Becoming Black Panther : 12 African Art Inspirations for Blockbuster Movie
Black Panther opened big this weekend filling movie theaters and Disney’s coffers. Globally thousands of people were treated to a film directed by an African-American, starring African-Americans, disaporic Africans, and Africans, set mostly in Africa.
In this Marvel tale, a king of the fictional kingdom of Wakanda is also a superhero, the Black Panther. While scenes are set in South Korea and Oakland, CA, the majority of the story takes place in Wakanda, a (fictional) African nation that never been colonized and so got to enjoy the benefits of their riches.
Wakanda is shown a remix of many African cultural looks if spliced with a cinematic techno-future-hip aesthetic. The designers drew on myriad African cultures to bring Wakanda to life. As designer Ruth Carter said the goal was to “show the world the beauty of tribal dress and move that forward in a more modernistic way.”
You can get inspired yourself by African Art at a local museum or through Metropolitan Museum of Art’s open collection initiative.

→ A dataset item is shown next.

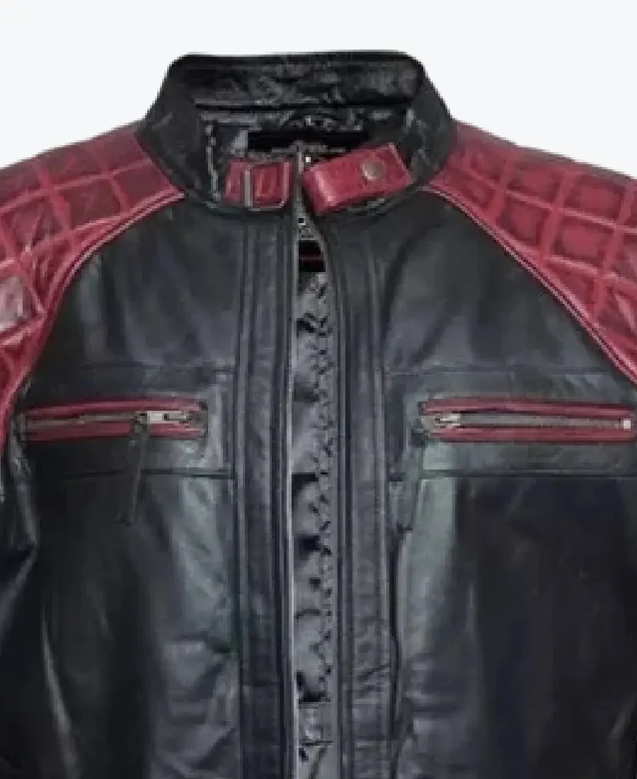 The Mens Quilted Black and Maroon Jacket by Rare Jackets is a masterclass in high velocity urban architecture and precision luxury meticulously handcrafted from premium authentic lambskin leather. Drenched in a commanding obsidian black paired with deep oxblood maroon shoulder accents, this piece leverages a robust high grade grain and natural wind resistant properties to provide a formidable protective shell for the modern landscape. The lambskin is selected for its industrial grade durability and a sophisticated semi gloss buttery finish, ensuring the jacket maintains a sharp authoritative frame while projecting a raw, high fashion energy. Inside, the garment is fully integrated with a silky viscose lining, providing a breathable and friction free experience for maximum all day comfort.

Here are 12 to get you started:
This figure has an elaborate pattern of raised scars on his chest and forearms. Unlike Erik Killmonger whose ritual scars are earned through bad deads, African ritual scarification is usually a common, positive form of adornment.
Natural Hair (i.e. non-chemically treated hair) was in full effect throughout the film. Glorious African hairstyles influenced much of the character design.

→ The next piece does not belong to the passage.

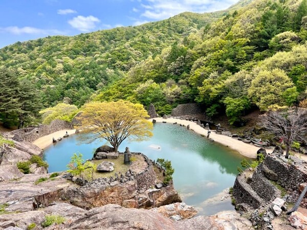 마고성 앞에는 맑은 옥빛의 연못과 돌탑, 지리산의 웅장한 산세가 어우러져 이국적 풍경을 넘어 신비로운 분위기를 자아내는데요. 흐린 날에는 안개가 자욱히 깔려 더더욱 신화 속에서나 볼 법한 풍경이 펼쳐집니다. 오르막이 많아 편한 신발을 신고 방문할 것을 추천하며 입구의 식당에서는 솥뚜껑 파전, 도토리묵, 막걸리, 잔치국수 등을 판매하고 있어 삼성궁을 둘러본 전후로 허기를 달래기에도 좋습니다.

Lupita Nyong’o’s soft, mounded look can be seen throughout Africa like on this Ejagham mask. These styles, sometimes called bumps or mounds, might have inspired by farmer’s sweet potato mounds.
The Black Panther’s sister, Shuri, played by Danai Gurira, wears her hair in a pile of braids upon her head. African’s women’s hair was often braided and formed into complex hairstyles — like a natural crown. While Shuri’s particular style might be a Wakanda specialty, this Baule diviner’s hair is equally exuberant.
Gold was seen everywhere, including around the General’s neck and at the Black Panther’s waist at the challenge. This Akan badge is one of the many fine gold objects created on the African continent.
Beading is in full effect in the Black Panther costumes as well as in jewelry. Designers were inspired by the North African Touareg (with their big beads) as well as the smaller beads used throughout the continent. The Maasai jewelry was a particularly important influence like this collar made with glass beads.
Clothing designers worked with contemporary African designers and international buyers to get the looks. While the well-known wax-prints were seen cut into contemporary fashion on the streets of Wakanda, the designers drew on a wider swath of African textiles traditions.
W’kabi, lifelong friend of the Black Panther, led an army of boundary-protecting, rhinoceros-wrangling warriors clad in blue. W’kabi and his kin’s wraps have a rich blue background that constrasts with geometric patterns, like this indigo-dyed cloth from Cameroon.
Brightly colored clothes are seen througout the film, like in the challenge scenes. Adinkra patterns adorn this Ghanaian prestige cloth with a rich symbolic language behind the patterns.
Kuba textiles, like this one, with interlocking patterns was wrapped around the waist. These interlocking patterns can be seen on many of Lupita Nyong’o’s character’s costumes and on the Black Panther’s blue suit.
This Edo courtier stands proud with a cloth wrapped around his waist in the way that W’Kabi did at the coronation/ challenge. He also wears thick circular necklaces as many characters do, like Zuri.
The wealthy court of Benin was protected by fierce warriors holding formidable swords much like the one that Zuri carried and the swords seen at the final battle.
This Bamana figure of a male warrior summarizes the feeling of the movie: proud, strong, beautiful and African.
All this art should make you see, African Art forever. And, of course, Wakanda Forever.